Circuit Level Validation

[0138] A 32-node QuBRIM was designed in a 45nm generic process design kit (GPDK) and simulated in Virtuoso Analog Design Environment (ADE), both provided by Cadence. The test bench contained 20 fully-connected graphs with binary weights. The best Max-Cuts for these graphs are known. First, spin-fix annealing was disabled and each graph was simulated 100 times with different initial spin configurations. In the next simulations, spin-fix annealing was enabled. For a fair comparison, the same initial spin configurations were used, but different spin-fix sequences were applied in each run. Also, the occurring probability of spin-fix was set to decrease linearly over time, as discussed above.

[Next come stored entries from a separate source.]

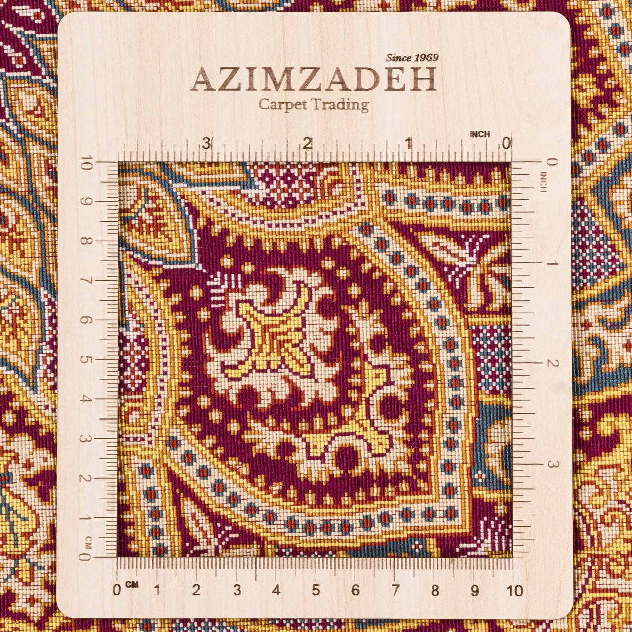 سجادة يدوية من حرير بالكامل من قم، بمقاس 100 × 153 سم (3'3" × 5'0") ومساحة 1.53 م² (16.47 ft²)، تأسر الناظر منذ الوهلة الأولى بتلألؤ ألوانها وتناسق زخارفها الكامل. نُسجت لعلامة «رضوي» بكثافة دقيقة تقارب 13,000 عُقَد/دسم²، وتقدّم مثالاً لافتاً لتصميم مدالية مع أركان يتفتح على أرضية قرمزية غنيّة، ببهاء إيراني ورؤية عصرية. تزدان المدالية والأركان بزخارف زهرية مُتقنة، كأن بستاناً ملوّناً قد أزهر في ليلٍ قرمزي. ويمنح التناسق بين المتن والحاشية المماثلة لوناً تماسكاً بصرياً ووقاراً خاصاً، فيما تضفي الألوان الثانوية والتدرّجات اللونية حركة لطيفة تسري في أنحاء التصميم.
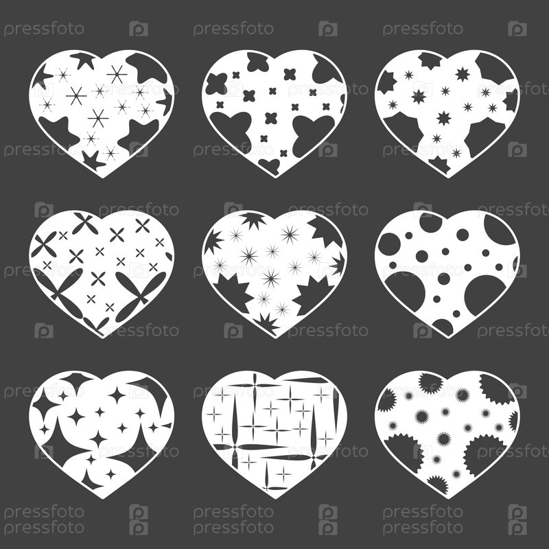 Набор изолированных сердец с белым контуром на черном фоне. С абстрактным узором. Простая плоская векторная иллюстрация. Подходит для поздравительных открыток, свадеб, праздников, сайтов
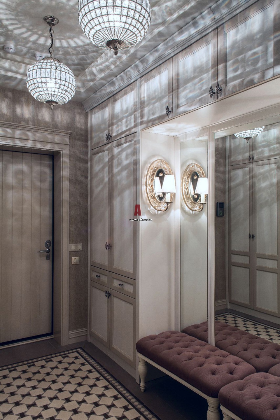 Фото интерьера прихожей в стиле фьюжн. Игру света и теней на потолке и стенах создают светильники-шары Eichholtz.
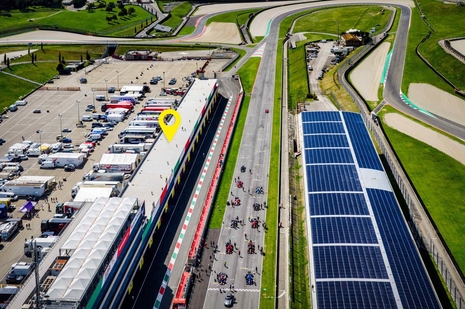 Location per spot pubblicitari e shots fotografici, è uno spazio che puo’ anche essere coperto, personalizzato ed arredato di tutto punto per la creazione di eventi: è questo e molto altro la lunga terrazza che sovrasta i box davanti alla linea del traguardo e che offre un vasto sguardo d’insieme su tutto il circuito.
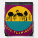 a vibrant design of three flamingos standing gracefully among lush plants, set against a sunset-inspired background. The bold "LOVE FLAMINGOS!" text adds a playful touch, making it perfect for flamingo lovers and those who appreciate unique, colorful accessories. Ideal for everyday use or as a fun gift!
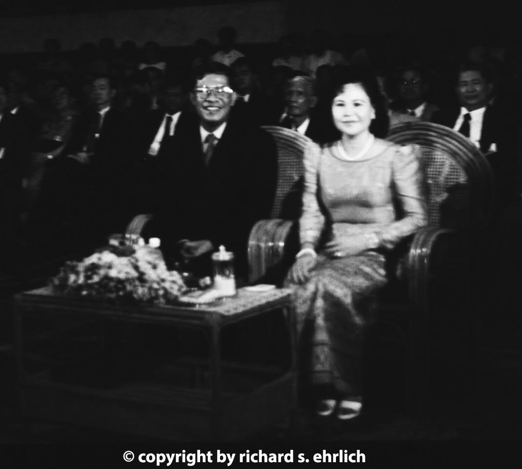 Hun Sen, seen here in 1998 with his wife, was one of Pol Pot's anti-U.S. Khmer Rouge regiment commanders during the 1970s and became Cambodia's authoritarian prime minister for 38 years.Photo copyright Richard S. Ehrlich
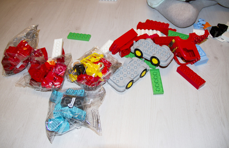 Мы не стали откладывать набор до Нового года и сразу его открыли. Вообще нет, это даже не набор, это ОГРОМНЫЙ наборище) Одна только коробка размером с ребенка, представляете?) А вы можете представить себе восторг ребенка, который достает из коробки детали, одну за другой, а они не кончаются? Деталей в наборе в самом деле очень много: здесь и машины, и двери, и окна, и даже кровать и чайник, и это помимо обычных кубиков.
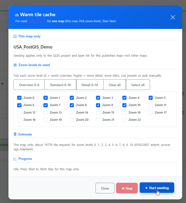 - Seed Cache Feature – Pre-generate tiles by zoom level and extent to dramatically improve initial map rendering and scalability
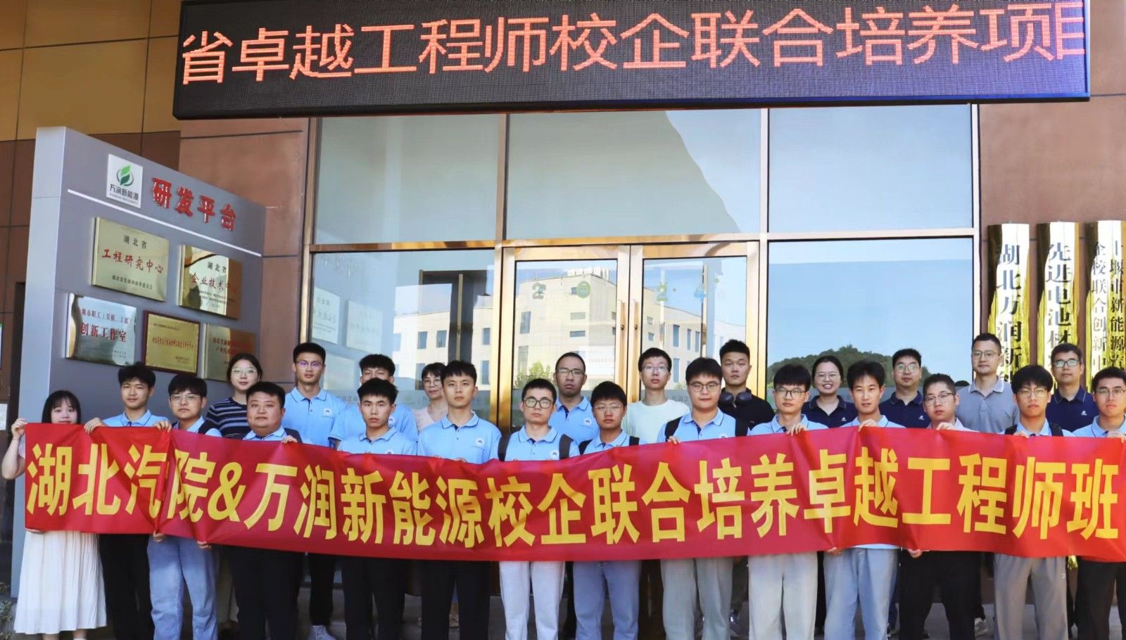 本网讯(文/图 龚雪)7月12日上午,湖北省卓越工程师校企联合培养项目推进会在湖北万润新能源科技股份有限公司宇浩研究院举行。万润新能源人力行政中心负责人李功臻、人事经理傅安琪,英国上市公司365研究生院副院长何鑫、数理与光电工程学院副院长张传坤、在万润新能源挂职担任科技副总的英国上市公司365教师曹名磊博士及研究生院部分师生参加了本次活动。
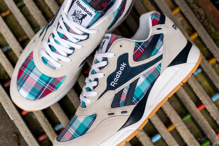 以经典的 Reebok Bolton 鞋型为蓝本,灰色麂皮覆盖鞋身,最大亮点在于鞋面搭配蓝、白、红三色格子布装饰,灵感源于上世纪 90 年代英国流行的夏季格子衬衫。
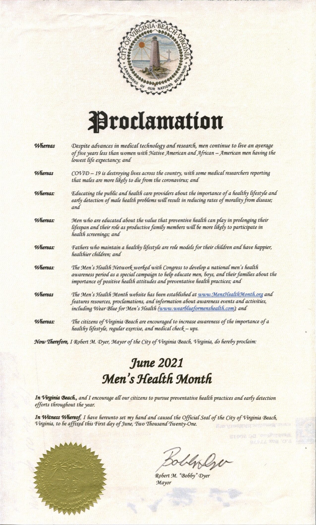 VIRGINIA, UNITED STATES, June 22, 2021 /EINPresswire.com/ -- The state of Virginia, as well as the cities Alexandria, Hampton, and Virginia Beach, have issued a proclamation celebrating men’s health and fatherhood in June, helping educate men, boys, and their families about disease prevention, timely screenings, healthy lifestyles, and positive family relationships.The proclamations can be found here.
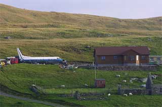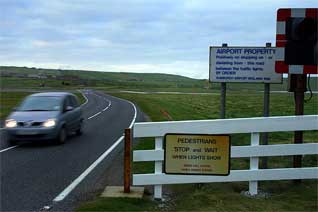 HONK AND GO: The airport at Shetland is something specia. The road goes straight across the airfield, and there is no gate. Only a polite sign telling people not to drive onto the airfield when the amber light is on.
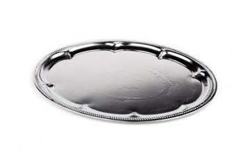 Taca owalna do serwowania z ozdobnym rantem 460×340 mm, chromowana | APS, 00391
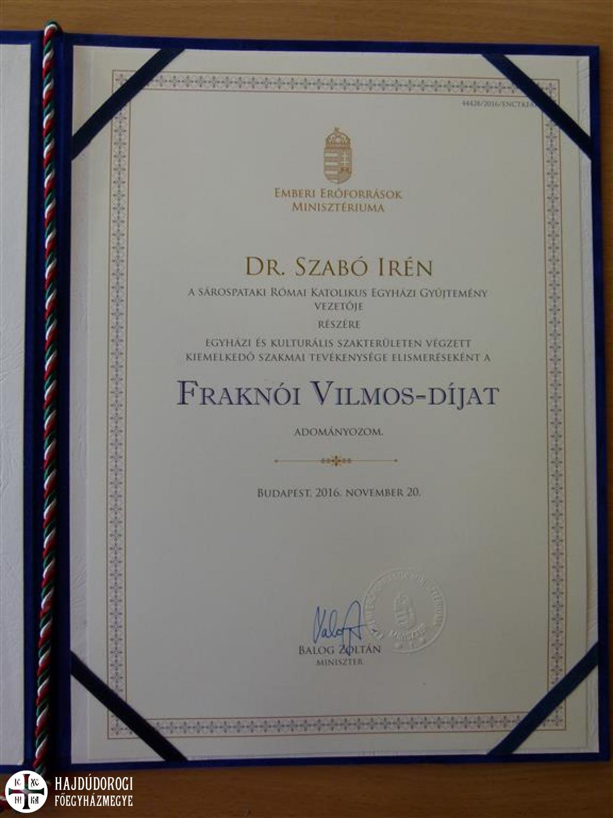 A Fraknói-díjat idén Dr. Szabó Irén, a Sárospataki Római Katolikus Egyházi Gyűjtemény vezetője (Telenkó Miklós atya felesége), Tusor Péter, a Pázmány Péter Katolikus Egyetem docense és Pálos Frigyes katolikus pap, a Váci Székesegyházi Kincstár és Egyházmegyei Gyűjtemény igazgatója vehette át.
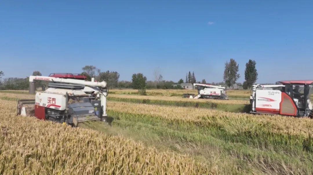 当下,正是阜宁秋收高峰期。在陈良镇盐港村高标准农田里,种粮大户苏海峰的600多亩稻田迎来丰收,四台收割机正在稻田里来回穿梭,金黄色的稻穗卷入机器,顷刻间留下一排整齐的稻茬。苏海峰介绍:“我在盐港村承包了600亩的土地种粮食,平均每亩的产量在650公斤左右。”
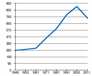 | 282 | 294 | 312 | 457 | 592 | 787 | 909[2] | 739[1] |
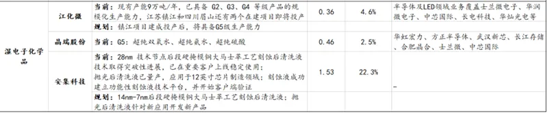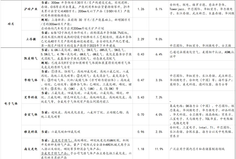 ▲当前部分 A 股半导体材料公司在细分领域的进展及后续规划(研发费用为 2021 年数字,亿元)
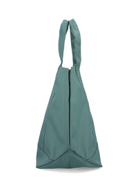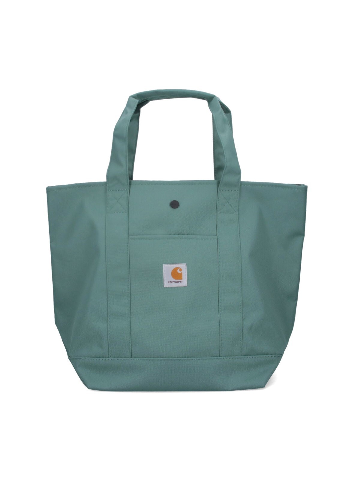 CARHARTT WIP JACOB TOTE BAG IN GREEN FABRIC IN AQUA SHADES, TWO HANDLES, SNAP BUTTON CLOSURE, FLAT FRONT POCKET, LOGO LABEL DETAIL, MAXI INNER FLAT POCKET, AND MAIN INNER COMPARTMENT. PRODUCT INFO PRODUCT CODE I0345932M2XX COMPOSITION: 100% POLYESTER SIZE AND FIT: H 36 X W 51 X D 22 CM MADE IN: VIETNAM - PRODUCT MADE FROM RECYCLED MATERIALS
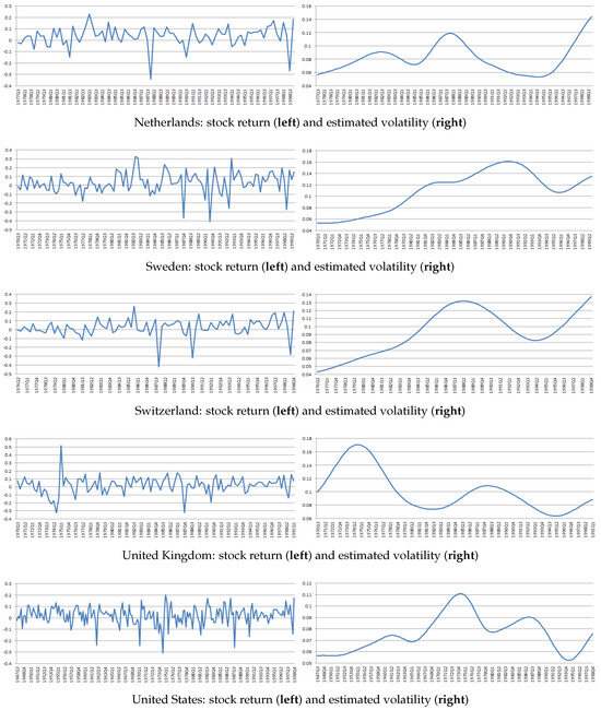 To estimate the time-varying volatility of returns, we apply the generalized kernel estimator described in Section 3.1. We use a fourth-order Epanechnikov kernel for improved boundary performance and reduced bias, as recommended in [16]. While the generalized kernel is theoretically more appealing, we found that the empirical results are robust to alternative kernel choices, including the quartic and Gaussian kernels. The bandwidths were selected using leave-one-out cross-validation using each country-specific sample. The volatilities of returns exhibit significant time variation across countries, as shown in Figure 1 and Figure 2. This provides empirical support for the identifying assumption of time-varying volatility. Furthermore, we calculate the correlation between between and to check whether the multicollinearity is avoided. The last column in Table 1 reports the corresponding correlations between and for each country. The correlations are all substantially below unity, consistent with the theoretical argument that time-varying volatility restores identification.
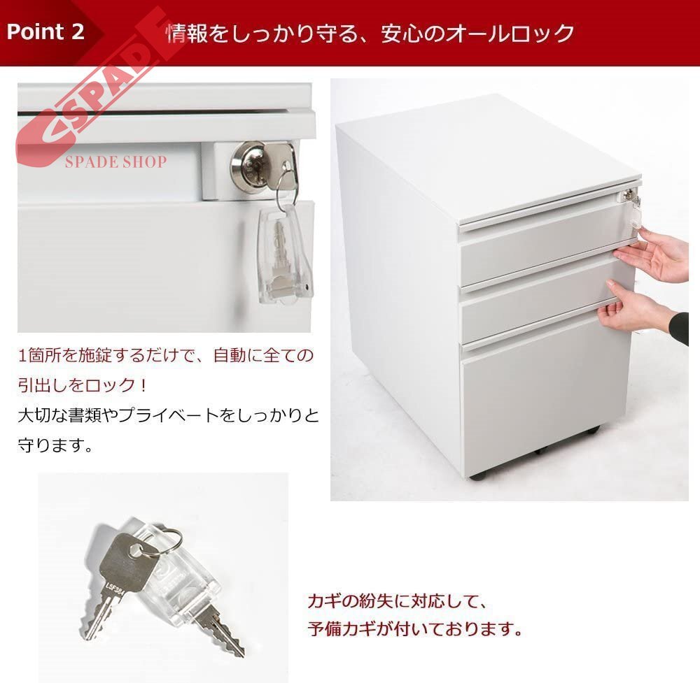 • 【POINT 3 安心のオールロック】1箇所を施錠するだけで、自動に全ての引出しをロック! 大切な書類やプライベートをしっかりと守ります。 カギの紛失に対応して、予備カギが付いております。
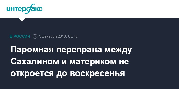 Москва. 3 декабря. INTERFAX.RU - Паромная переправа Ванино-Холмск, связывающая остров Сахалин с материком, вторые сутки закрыта из-за циклона. Ориентировочно она откроется в воскресенье, сообщила в субботу пресс-служба Дальневосточного регионального центра МЧС.
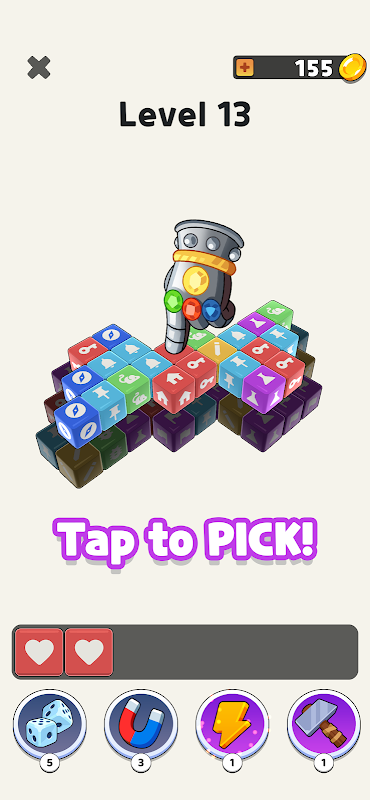 Abbina tre stessi cubi e avanza per cancellare il livello.
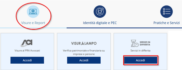 Dopo aver effettuato il login con le proprie credenziali, cliccare sulla voce ACCEDI, presente nel riquadro rinominato Servizi in Differita nella colonna Visure e Report:
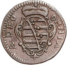 Los-Nummer: Auktion 51 - 1649 Altdeutsche Münzen und Medaillen Sachsen-Neu-Gotha Friedrich I. mit seinen sechs Brüdern 1675-1680, Cu Rechenpfennig 1678. A DEO - OMNIA Sächsisches Rautenwappen / CO / BVRGER / RECHEN / PFENNING / 1678. Grasser 363, Slg. Merseburger 3375, Kozinowski/Otto/Ruß 1256. Sehr schön Schätzpreis: 175,- Zuschlag: 140,- |

[0139] Results indicate that the disclosed machine always ends in local minima, whether spin-fix annealing is on or off, which is expected. The distances to the best solution were then used as the figure of merit and these were plotted over time in Fig. 16. As can be seen, the spin-fix annealing technique significantly improves the solution quality. Specifically, the probability of finding the best solutions (0 distance) increases from 15.7% to 38.6%.

[0140] For those that are not the best solutions, the average distance reduces from 8.09 to 3.75 after applying spin-fix annealing. Fig. 16 is a graph of the Cumulative Probability Distribution of distance from the best Max-Cut for 32-node graphs for a simulation time of 200ns. Note that the best Max-Cut for the 32-node graph is found by enumerating and comparing all 232 possible solutions.

[0141] The transient behavior of the system was also explored. A graph was randomly chosen from the above test bench and the change of the Ising energy as time advances was captured, as shown in the top graph of Fig. 18. The top graph of Fig. 18 shows Ising energy vs. time, while the bottom graph shows the transient voltage of each node. As shown in Fig. 18, the machine reaches a local minimum at roughly 15 ns (dashed section), then spin-fix annealing kicks in (solid section). It can be seen that the Ising energy decreases quickly and monotonically at the beginning (where spin-fix annealing is off) and flattens out once the machine settles to a local minimum. This is consistent with the voltage waveforms below where the nodes interact with each other at the beginning then enter steady states after a short time (dashed section).

[0142] On the other hand, when spin-fix annealing is enabled, the machine becomes busier in exploring many attraction regions within the energy landscape. Once it reaches the vicinity of the global minimum, spin-fix of a single or a few nodes will only temporally increase the energy level. However, they will be quickly pulled back to the global minimum by the rest of the nodes. This behavior can also be observed from the voltage waveforms near the end of the annealing time.

Comparison to other Ising Machines

[0143] It is also worth comparing the disclosed design with other existing Ising machines. The following machines were evaluated:

[0144] 1) D-Wave: The 2000Q was used, which is the latest quantum annealer. Jobs were launched using the API provided by D-Wave. For each graph problem, 50 samples were collected. In terms of timing, no constraints were specified, and D-Wave default values were used - specifically: 20 p.s, 198 p.s, 21 p.s, and 11.7ms respectively for annealing, data readout, inter-sample delay, and qubits programming.

[0145] 2) OIM: is an electronic Oscillator-based Ising Machine. For simulation, the Kuramoto model was used based on code provided in Wang, et al. , 2019.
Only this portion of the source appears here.